Toen ik twee maanden geleden er even helemaal doorheen zat, maakte ik in een opwelling een wandeling met jou. Ik zag je liggen in de kinderwagen die we speciaal voor jou hebben gekocht, omdat de oude toch wel erg versleten was. Ik zag je liggen en je paste er al bijna niet meer in. Ik nam het me op dat moment zo stellig voor. Om vaker met je te wandelen. Meer van jou te genieten. Maar er moest nog zo veel meer. Toen ik je vorige week weer in de kinderwagen legde, wist ik dat dit het laatste ritje was. Je lag helemaal klem en wilde niet meer op je rug liggen. Op je buik keek je genietend over het randje.
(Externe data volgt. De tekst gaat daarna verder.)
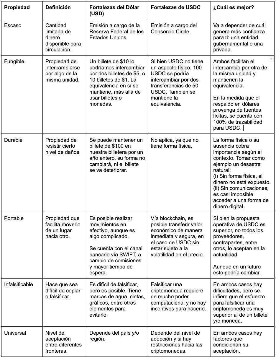 Para responder a esta pregunta, requerimos enfocarnos en algunas propiedades del dinero, las cuales se resumen en el siguiente cuadro:

Naar de wereld die op jou wacht.
Hé lieve kleine man. Of eigenlijk: hé lieve niet-zo-klein-meer-man. Waar is de tijd gebleven? Morgen ben je een half jaar. En waar dat moment bij je broers en je zus ongemerkt voorbij ging, ga ik dat bij jou anders doen. Morgen vier ik een klein feestje. Samen met jou. Met beschuit met muisjes. Met alle felicitatiekaartjes-van-een-half-jaar-terug op de bank. Met een wandeling met de wandelwagen. En met jou aan de borst. Zonder telefoon.
Hé lieve kleine man. Of eigenlijk: hé lieve niet-zo-klein-meer-man. Waar is de tijd gebleven? Ach lieve vent, ik weet het antwoord wel. De tijd is gevlogen. En de tijd komt nooit meer terug. Maar elke dag was jij dicht bij mij. En dat houden we nog even zo!